The conformation (structure) of the peptide chain is ordered and unique for each protein. Under special conditions, a large number of bonds break, which stabilized the spatial structure of the compound molecule. As a result of the rupture, the entire molecule (or a significant part of it) takes the form of a disordered ball. This process is called "denaturation." This change can be triggered by heating from sixty to eighty degrees. Thus, each molecule resulting from a break can differ in conformation from the others.
Protein denaturation also occurs under the influence of any agents capable of breaking non-covalent bonds. This process can happen in alkaline or acidic conditions, on the surface of the phase separation, under the influence of some organic compounds (phenols, alcohols, and others). Protein denaturation can also occur under the influence of guanidine chloride or urea. These agents form weak bonds (hydrophobic, ionic, hydrogen) with the carbonyl or amino groups of the peptide backbone and with a number of groups of amino acid radicals, replacing the intrinsic hydrogen bonds present in the protein inside the molecules. As a result, a change occurs in the secondary and tertiary structure.
Resistance to denaturing agents depends mainly on the presence of disulfide bonds in the protein compound. The trypsin inhibitor has three S - S bonds. Provided that they are restored, protein denaturation occurs without other effects. If, subsequently, the compound is placed under conditions where the oxidation of SH-groups of cysteine ββand the formation of disulfide bonds are carried out, the initial conformation will be restored. Moreover, the presence of even one disulfide bond significantly increases the stability in the spatial structure.
Protein denaturation is usually accompanied by a decrease in its solubility. Along with this, a precipitate is often formed. It arises in the form of "curled protein." With a high concentration of compounds in the solution, βcoagulationβ undergoes the entire solution, as, for example, this happens when cooking chicken eggs. When denatured, the protein loses its biological activity. The use of carbolic acid (aqueous phenolic solution) as an antiseptic substance is based on this principle.
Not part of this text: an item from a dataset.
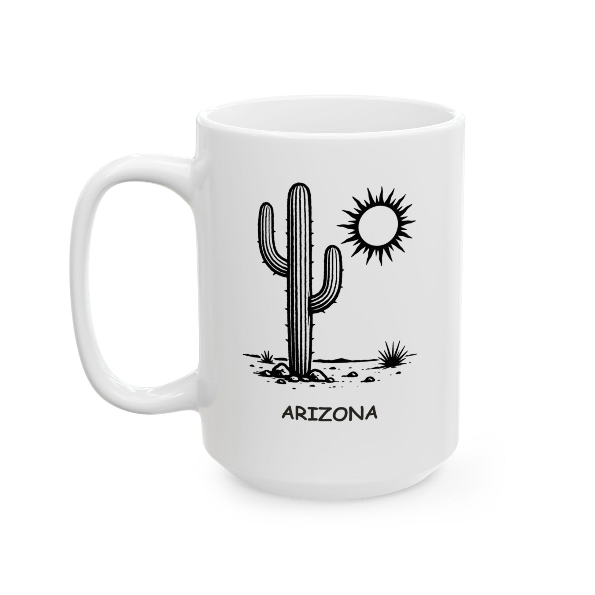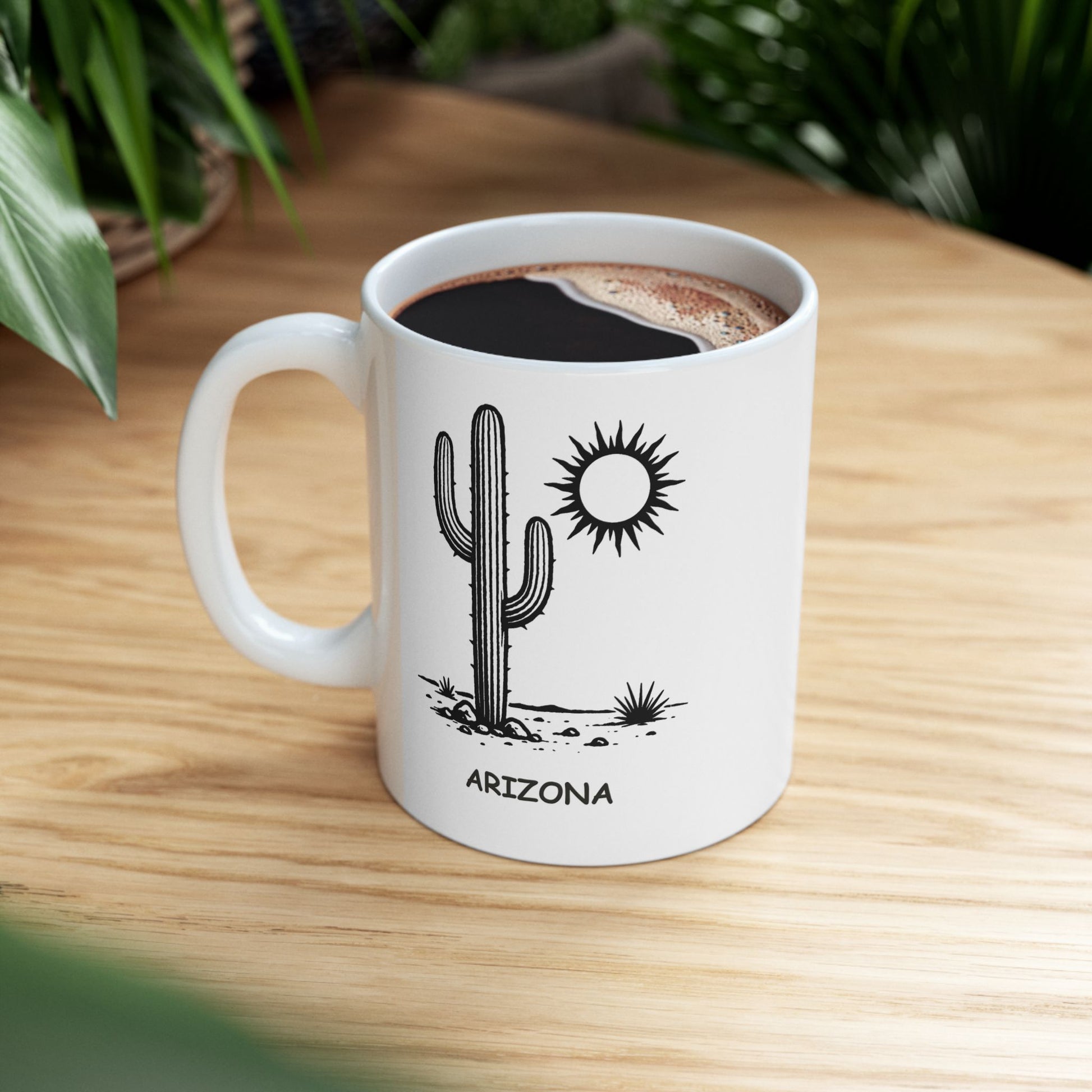 Desert charm meets blazing sunshine in this fun and fiery mug. Whether you were drawn in by the spiky beauty of the cactus or fell in love with the dry heat, this ceramic mug celebrates everything that makes Arizona unforgettable. Available in 11oz and 15oz sizes, it’s the perfect way to sip your coffee with a side of desert pride.

The instability of the spatial structure, the high probability of destruction under the influence of various agents significantly complicate the isolation and study of protein. Certain problems are also created when using compounds in industry and medicine.
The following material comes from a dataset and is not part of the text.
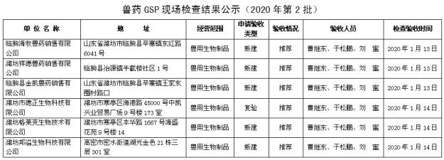 附件:獸藥GSP現(xiàn)場(chǎng)檢查結(jié)果公示(2020年第2批)

If protein denaturation was carried out by exposure to high temperatures, then with slow cooling under certain conditions, the process of renovation takes place - restoration of the native (initial) conformation. This fact proves that the folding of the peptide chain occurs in accordance with the primary structure.
The formation of the native conformation (initial location) is a spontaneous process. In other words, this arrangement corresponds to the minimum amount of free energy contained in the molecule. As a result, we can conclude that the spatial structure of the compound is encoded in the amino acid sequence in the peptide chains. This, in turn, means that all polypeptides that are similar in the alternation of amino acids (for example, myoglobin peptide chains) will take an identical conformation.
Proteins can have significant differences in the primary structure, even if they are practically or absolutely identical in conformation.